Parlamentarisches Herumgezwinkere

Für meine Kolumne ‚FRAGEN SIE FRAU ANDREA‘ in Falter 43/2021 zum 27. Oktober 2021

Liebe Frau Andrea,
der „Zwinkerer“ von Frau Ministerin Köstinger in Richtung des „neuen“ Bundeskanzlers – Graf Schallenberg – führt mich, abgesehen von der politischen Dimension dieses Zeichens, zu der Frage: Woher kommt dieser Begriff eigentlich?
Ich bitte um Ihre Expertise.

Liebe Grüße aus Linz,
Helmut Strasser, per Email

Lieber Helmut,

das Recht zur Führung adeliger Standesbezeichnungen ist seit 10. April 1919 aufgehoben, wir wollen den Adressaten der parlamentarischen Zwinkerei vom 13. Oktober also republikanisch als HBK (Herr Bundeskanzler) oder Mag. iur. Schallenberg LL.M. (Magister iuris; Master of European Law) ansprechen.
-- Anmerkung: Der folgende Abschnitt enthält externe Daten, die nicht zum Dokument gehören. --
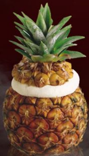
Мороженое «Ананас» 300р

Im Zweifelsfall ist die Anrede „Exzellenz“ immer möglich, wienerisch: „Heast!“

Körpersprache-Hermeneutiker haben den blinzelnden Blickkonktakt zwischen BM Köstinger und HBK Schallenberg als freundliche Bekanntgabe der hierarchischen Disposition zwischen den beiden gedeutet, in der Herkunftssprache der Ministerin soviel wie: „Moch da kane Suagn, Schalli, mia schauma auf di!“

Woher aber kommt der Zwinkerer, sprachlich gesehen? Das Zwinkern, also das wiederholte Schließen und Öffnen der Augenlider ist verwandt mit mittelniederdeutsch „twink“, altenglisch „twinclian“, und schließlich englisch „twinkle“. Ähnlich Worte mit gleicher Bedeutung sind zwinkeln, mittelhochdeutsch zwinzen, die alle mit einem anderen bekannten Verb verwandt sind: Zwingen bedeutete ursprünglich auch (zusammen)drücken, pressen, (be)- drängen, nötigen, bändigen.

Das Wienerische hat einen ganz speziellen Katalog an Ausdrücken für die Gefühlsregung ausgebildet, so bleandsln (blinzeln, Blicke zuwerfen), dazu bleankatssn, (blinzeln, das verstohlene Zwinkern mit einem Auge), und dsuadswinsln (zuzwinkern) oder schlicht dswinsln (zwinkern), mit den Augen ein Zeichen geben. Das kokette Zuwerfen nonverbaler Botschaften schließlich kennt das Wienerische als Schbeandsla (Speanzler). Die Intensivbildung zu mittelhochdeutsch spëhen (spähen) kennen wir auch als Wimparnglimparn (Wimpernklimpern), liabeigln (liebäugeln) und Repedíaaugn mochchn (Repetieraugen machen).